By: Anna Boyd
Healthcare providers are overworked and placed in life-threatening positions daily. Since the start of this deadly pandemic, they have faced heartbreak and devastation like never before. Many were placed in poor work conditions having to reuse PPE to save their lives, they even lived at the hospitals they worked at the try to reduce the spread.
Nurse specifically were placed in a very poor position. They are burnt out by the crisis of COVID-19 and quitting. Despite this nursing school applications have increased in the past year. Educators are encouraging students to look at the pandemic like a challenge.
Students switched majors after watching loved ones suffer from the coronavirus and seeing the amazing nurses battle to save them. These superheroes in the hospitals are being challenged every day and doing it with a smile in their faces.
Johns Hopkins University in Baltimore has seen their biggest spike in applicant ever.
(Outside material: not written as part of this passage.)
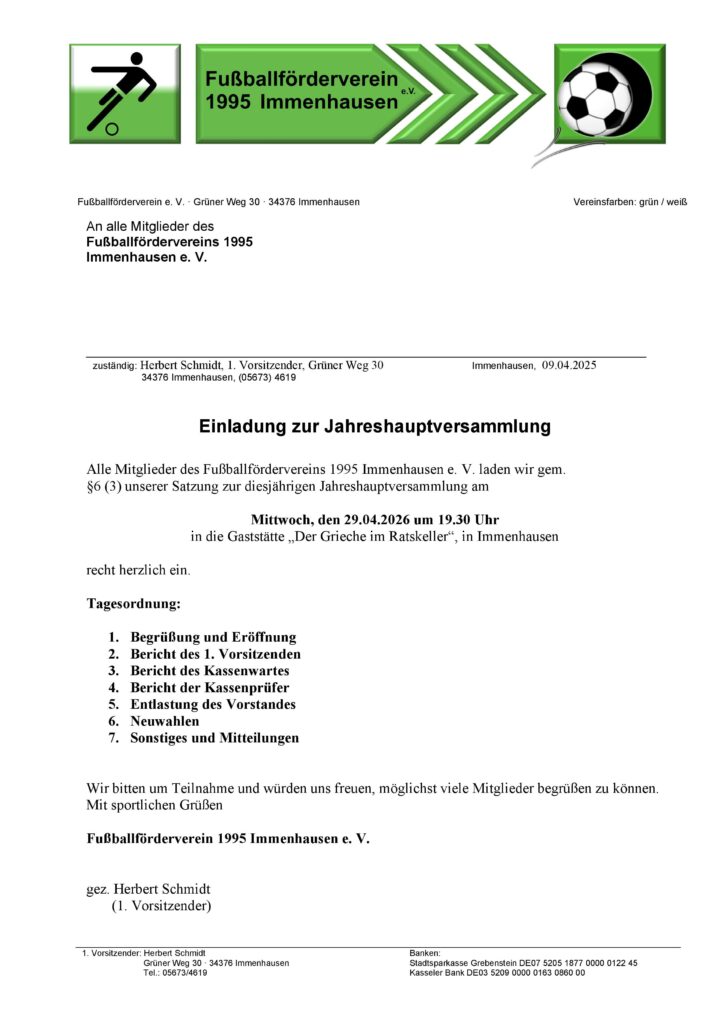 Liebe Mitglieder des Fußballfördervereins 1995 Immenhausen e. V.,
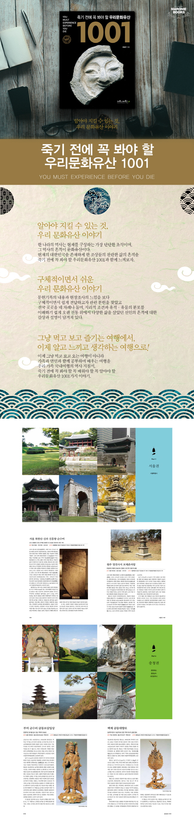 ¡ºÁ×±â Àü¿¡ ²À ºÁ¾ß ÇÒ ¿ì¸® ¹®ÈÀ¯»ê 1001¡»Àº ÇöÁ¸ÇÏ´Â ¿ì¸® ¹®ÈÀ¯»êÀ» ¸ðµÎ Æ÷°ýÇÑ ¡®¿ì¸® ¹®ÈÀ¯»ê ´ë¹é°ú»çÀü¡¯ÀÌ´Ù. °æº¹±Ã, ¼®±¼¾Ï, ÆÈ¸¸´ëÀå°æ µî ³Î¸® ¾Ë·ÁÁø À¯»êÀº ¹°·Ð, ¾ÈÁß±Ù Àǻ簡 ÀÌÅä È÷·ÎºÎ¹Ì¸¦ »ç»ìÇÑ µÚ °¨¿Á¿¡¼ ¾´ À¯¹¬, Á¶¼±À» È·ÁÇÏ°Ô ²ÉÇÇ¿î Á¤Á¶ÀÇ ±×¸², ÅëÀÏ½Å¶ó ¶§ ¹äÀ» Áö¾î ½Â·Á 3õ¿© ¸íÀÌ °ø¾çÇß´Ù´Â ¹ýÁÖ»ç ö¼Ü, Áß±¹¿¡ ÀÖ´Â ±¤°³Åä´ë¿Õ¸ªºñ¿Í °í±¸·ÁÀÇ Ã¹ µµ¼ºÀÎ ¿À³à»ê¼º µî ¿ì¸® Á¶»óÀÇ ¹ßÀÚÃ븦 °í½º¶õÈ÷ º¸¿©ÁÖ´Â À¯Àû°ú À¯¹°À» ÃѸÁ¶óÇß´Ù.

Many applicants applied before a vaccine was available. These numbers have changed the minds of many administrators of the fear that the pandemic would scare off students.
The University of Michigan reported around 1,800 nursing school applicants for their 150 freshman slots.
Nursing students are taking this opportunity to learn critical-care skills and apply them. The higher numbers could ease the severe nursing shortage that many hospitals are currently facing. This shortage has existed since before the pandemic.
Hospital leaders are watching their staff quit or retire due to the stressful situations these nurses have been placed in throughout the past year. They faced the pressures of caring for dying patients and hostility from the families due to the unknows of this disease.
The issue of nursing shortages is expected to be seen up until 2025. After that hospitals and administrators are hoping to see a balance in students coming in and nurses going out.